Open Bug 1228193 Opened 9 years ago Updated 2 years ago

UX problem selecting font for UTF-8 encoded plain text mail (see comment #8)

Categories

(Thunderbird :: General, defect)

38 Branch
defect

Tracking

(Not tracked)

People

(Reporter: foo459, Unassigned)

References

(Depends on 1 open bug)

Details

Attachments

(1 file)

User Agent: Mozilla/5.0 (Windows NT 6.1; WOW64; rv:27.0) Gecko/20100101 Firefox/27.0
Build ID: 20140212131424

Steps to reproduce:

Selecting a new monospace font for a plain text message does not affect the text in the plain text message.

This appears to be essentially the same as bug 546877, which I am reopening here, since there seems to be no way to actually reopen it.

The problem seems to stem from the poor correspondence of the choices in the "Fonts for:" pulldown box, and the charset in the actual message.

For example, a message to me from bugzilla itself says
"Content-Type: text/plain; charset="UTF-8"
However, when this message is selected, the font chooser in options > display > advanced defaults to "Latin."  A normal person would assume that this message was in a Latin font, but TB does not think so, so changing the font for "Latin" has no effect.

So, that is problem #1:

Language type should correspond to the currently selected message.
And, it should know what type "UTF-8" happens to be.

I note that if I choose "Other Writing Systems", the font for the plain text message is indeed changed as desired.

This is a bug.  I can understand if you don't want to spend resources to fix it, but it's still a bug and should not be listed as "resolved."
I don't understand the problem you're reporting.

When I select a BMO message to display in the message pane which is encoded in UTF-8 the menu "View > Character Encoding" correctly shows "Unicode".

Equally a charset=ISO-8859-1 encoded message shows as "Western".

UTF-8 falls into the category "Other writing systems", so you need to change the settings for "Other writing systems" to change the display of any UTF-8 encoded message.

> it should know what type "UTF-8" happens to be.
I don't understand this comment. UTF-8 is an encoding that can encode *all* the languages of the planet in one single encoding, while offering backward compatibility with 7bit ASCII (https://en.wikipedia.org/wiki/UTF-8).

No one can know what UTF-8 "happens" to be, it can be German: Heute ist es heiß, Spanish: ¡Buenos días!, it can be Japanese: テスト or Korean: 안녕하세요? or French: Voilà, Français and even Chinese: 中文. Sorry, I don't speak Russian, but you get the point ;-)

Unless you convince me otherwise, I will mark this bug as invalid, just as bug 546877, which is NOT listed as resolved but invalid.
Ok, let me put it this way.  The average user, such as for example, me, is not likely to know the classifications of all the possible encoding systems that tb can understand.

Therefore, when I see an email message, and I want a different font, and I go to an option that wants me to select a font, I naturally assume that this defaults to whatever category the current encoding falls into.  Alternately, I would expect this to be discoverable without having expert knowledge of coding systems.

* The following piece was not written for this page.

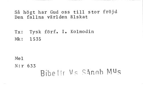 //// Så högt har Gud oss till stor fröjd Den fallna världen älskat //// Tx: Tysk förf. I. Kolmodin Mk: 1535 //// Mel //// N:r 633 //// BibeHr ^s ^nnh

So, it is true that the current behavior is "correct."  It's just of no use to a user without expert knowledge of coding systems, unless the current message's encoding by chance happens to be in the default category.

One solution is for tb to examine the current message, and choose the default in the font chooser accordingly.
to be clearer:  choose the default *category* in the font chooser accordingly.
(In reply to peter from comment #2)
> One solution is for tb to examine the current message, and choose the
> default in the font chooser accordingly.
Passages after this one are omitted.